4. The pipe modelling system of claim 1 further including at least one securing member for securing one of the series of components to an object, the securing member having a body with a first end and a second end, means for detachably coupling the second end to one of the series of components, and a circumferential flange with spaced apertures for receiving threaded fasteners to fasten the securing member to the object.

5. The pipe modelling system of claim 1 wherein the at least one identifying marker is colour applied at least a portion of an external surface of the body.

6. The pipe modelling system of claim 1 wherein the at least one identifying marker is a code comprised of alphanumeric characters displayed on an external surface of the body.

7. The pipe modelling system of claim 1 wherein the at least one identifying marker is a two dimensional code applied to an external surface of the body

8. The pipe modelling system of claim 1 wherein the at least one identifying marker is an electronically readable identification code provided on or in the body of the component.

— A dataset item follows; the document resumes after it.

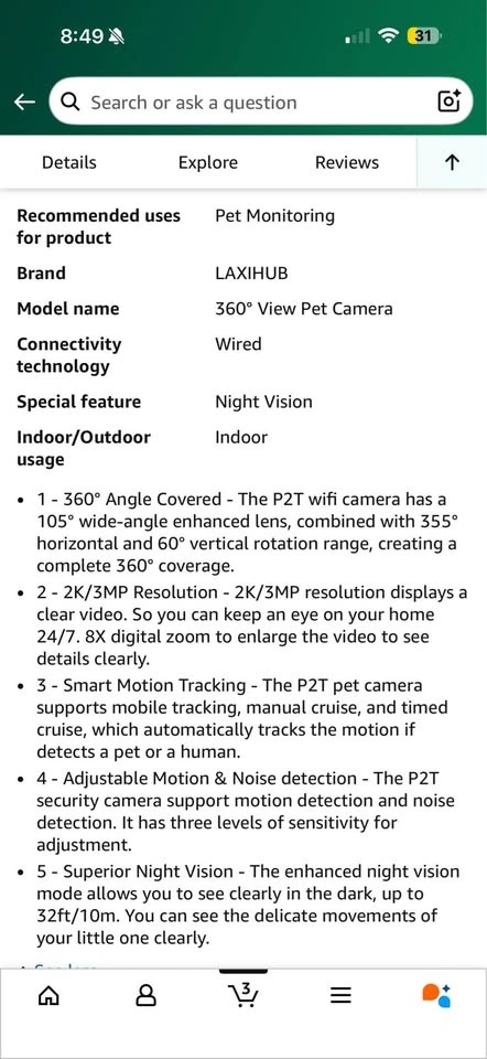 2 LAXIHUB 360° Pet Camera – 2K/3MP – Night Vision

9. The pipe modelling system of claim 1 wherein one or more of the series of components are curved.

10. The pipe modelling system of claim 1 wherein one or more of the series of components are straight.

11. The pipe modelling system of claim 1 wherein at least one of the series of components is a rotator component, the rotator component being positioned between two of the series of components to allow for one of the components to be moved relative to the other for changing the angle of the desired pipe layout by measurable degrees.

12. The pipe modelling system of claim 11 wherein the rotational component has body comprised of a first portion and a second portion, the first portion having a first end and a second end with a first engagement profile, the second portion having a first end and a second end with a second engagement profile, and means for maintaining the first surface engagement profile in contact with the second surface engagement profile until an applied manual force overcomes the force.

13. The pipe modelling system of claim 12 wherein the means for maintaining the first surface engagement profile in contact with the second surface engagement profile is a spring.

14. The pipe modelling system of claim 12 wherein the first engagement profile and the second engagement permit rotation in measurable degree increments.

15. The pipe modelling system of claim 1 further including a web application for entering data representing the at least one identifying marker and processing the data to display a virtual three dimensional representation of the desired piping layout.

16. The pipe modelling system of claim 1 further including a software application for entering data representing the at least one identifying marker and processing the data to display a virtual three dimensional representation of the desired piping layout.

17. A method of pipe modelling comprising the steps of;

providing a series of components, each of the series of components having an elongate body having an axis, a first end and a second end, means for detachably coupling one of the series of components to another of the series of components in end to end relation to form a desired pipe layout, and each of the series of components having at least one identifying marker representing at least one feature of the component;

arranging two or more of the series of components in end to end relation to form a desired pipe layout;

reading the at least one identifying marker representing at least one measurable feature on each of the series of pipe components;

recording data representing the at least one identifying marker representing at least one feature.

18. The method of pipe modelling of claim 17 wherein the recorded data is provided to a web application for processing the data and displaying a virtual three dimensional representation of the desired piping layout.

19. The method of pipe modelling of claim 17 wherein the recorded data is provided to a software application for processing the data and displaying a virtual three dimensional representation of the desired piping layout.